- [Task requirements]:
The reply should hold only the lines below beginning at the one with "Kényelmes hozzáférés a" and ending at the one with "开幕式现场搭建了多层结构的投", copied exactly, with every picture left out.

- [Data under study]:

::::::::::

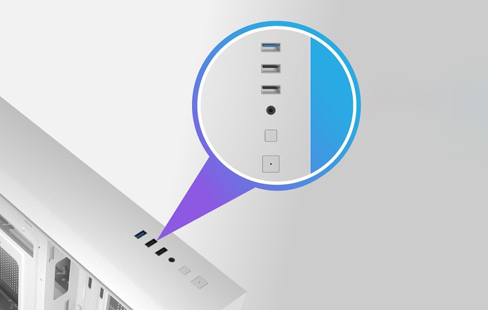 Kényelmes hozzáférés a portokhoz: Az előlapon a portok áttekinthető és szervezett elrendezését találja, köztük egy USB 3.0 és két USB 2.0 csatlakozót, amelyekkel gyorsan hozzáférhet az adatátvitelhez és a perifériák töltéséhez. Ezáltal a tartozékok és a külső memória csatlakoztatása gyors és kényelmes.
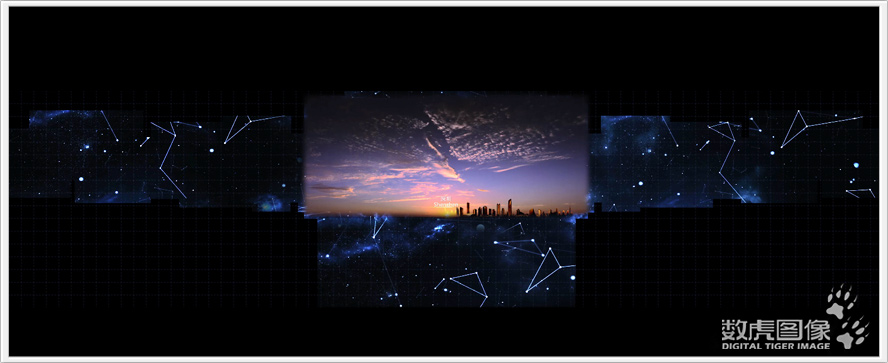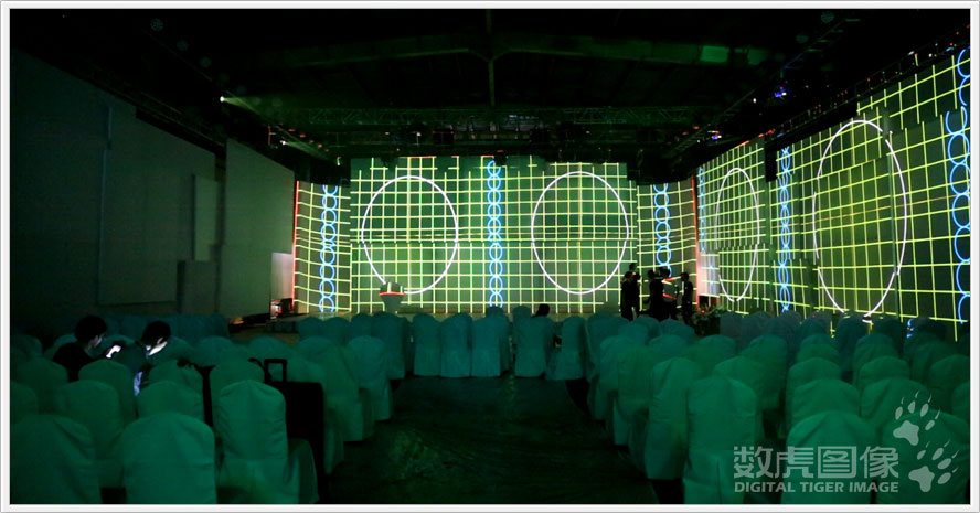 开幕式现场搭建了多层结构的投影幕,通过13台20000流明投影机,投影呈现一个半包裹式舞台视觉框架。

::::::::::

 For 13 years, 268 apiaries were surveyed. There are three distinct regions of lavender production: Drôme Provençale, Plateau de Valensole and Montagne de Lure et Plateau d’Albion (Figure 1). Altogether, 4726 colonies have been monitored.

::::::::::

- [Reply]:
 Kényelmes hozzáférés a portokhoz: Az előlapon a portok áttekinthető és szervezett elrendezését találja, köztük egy USB 3.0 és két USB 2.0 csatlakozót, amelyekkel gyorsan hozzáférhet az adatátvitelhez és a perifériák töltéséhez. Ezáltal a tartozékok és a külső memória csatlakoztatása gyors és kényelmes.
 开幕式现场搭建了多层结构的投影幕,通过13台20000流明投影机,投影呈现一个半包裹式舞台视觉框架。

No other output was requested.